Дарвиновская революция - [11]
Британское общество и научное сообщество
В 1830 году, когда на престол взошел король Уильям IV, Британия представляла собой страну парадоксов: в некоторых отношениях британцы были самой передовой нацией Европы, а в некоторых – самой отсталой (см. Билз, 1969; Дж. Ф. К. Гаррисон, 1971). Промышленная революция развивалась здесь такими темпами, как ни в какой другой стране: техника применялась как в производственной сфере, так и в жизни в целом столь повсеместно и такими темпами, что весь XIX век Британия оставалась самой мощной державой мира. Не следует забывать и о том, что революция происходила и в сельском хозяйстве тоже, ибо при обработке и возделывании земли применялись самые передовые научные методы, значительно увеличивавшие урожайность посевных культур. Таким образом, продовольственные запасы возрастали, что позволило кормить и снабжать продуктами все увеличивавшееся население страны, которое быстро урбанизировалось, так как новые большие города, возникшие в Северной и Центральной Англии, нуждались в дешевой рабочей силе, а ее-то как раз и поставляли сельские окраины. В 1831 году общее население Британских островов равнялось 24,1 миллиона человек, из которых примерно треть составляли ирландцы. Лондон был крупнейшим городом с населением в 1 900 000 человек (13,5 % от числа населения Англии и Уэльса). К 1851 году население Лондона выросло до 2 600 000 человек. Что касается других городов, то население Манчестера в тот же период выросло со 182 000 до 303 000, Лидса – со 123 000 до 172 000, Бирмингема – со 144 000 до 233 000, Глазго – с 202 000 до 345 000 человек, а население Брэдфорда, составлявшее в 1801 году всего 13 000 человек, в 1851 году выросло до 104 000 (Дж. Ф. К. Гаррисон, 1971).

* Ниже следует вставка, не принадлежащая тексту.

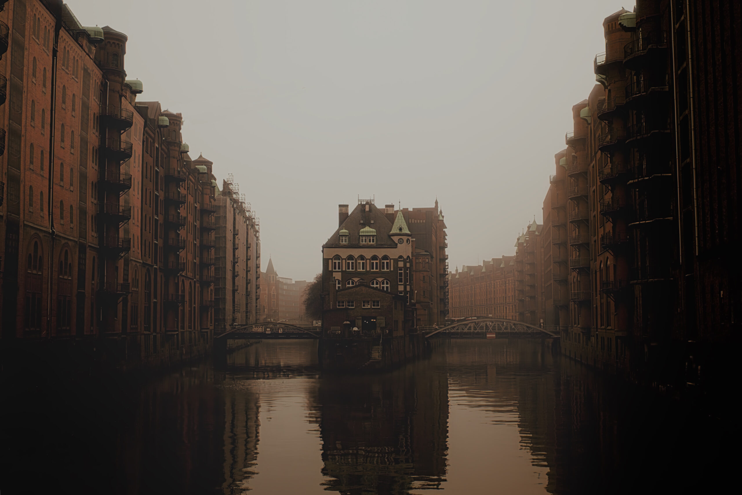 Shrouded in dense fog, Hamburg’s Speicherstadt unveils its mystical charm. The iconic Wasserschloss stands like an enchanted relic among the imposing brick buildings, its reflection gently mirrored in the calm water. The muted color palette of browns and greys accentuates the quiet melancholy of the scene, while the perspective draws the viewer’s gaze deep into the image. A moment where the past comes alive and time seems to stand still.

Однако как в политическом, так и в социальном отношениях Британия оставалась почти феодальной страной. Власть была сосредоточена в руках весьма немногочисленной горстки людей, которые в большинстве своем не были ни промышленниками, ни предпринимателями, а представляли собой титулованную аристократическую знать – крупных землевладельцев (партия вигов) и мелких землевладельцев, или джентри (партия тори). Большинство людей не имели даже права голоса, одна из палат в парламенте была укомплектована исключительно наследственными аристократами, а многие места в палате общин находились всецело под контролем отдельных индивидуумов. Многие места, особенно закрепленные за так называемыми «гнилыми местечками», были представлены лишь несколькими избирателями, и их представители по различным соображениям, включая и страх перед мерами экономического характера, были послушными орудиями в руках боссов, которые их назначали и, по сути дела, повелевали ими. Если принимались новые законы, то они прежде всего учитывали нужды и потребности политической элиты – тех, кто был заинтересован в сохранении сложившихся общественных устоев, – и эти законы, навязываемые обществу радетелями «справедливости мирным путем», затем преподносились всему населению в качестве постановлений, обязательных к исполнению. Самыми печально известными из них были так называемые хлебные законы, принятые сразу после войны с Наполеоном и вводившие высокие тарифы на импортируемое зерно. Таким образом, беднякам приходилось покупать продукты по более высоким ценам; промышленникам (которые не были частью истеблишмента) приходилось платить рабочим более высокую заработную плату; а землевладельцы собирали искусственно раздутую арендную плату.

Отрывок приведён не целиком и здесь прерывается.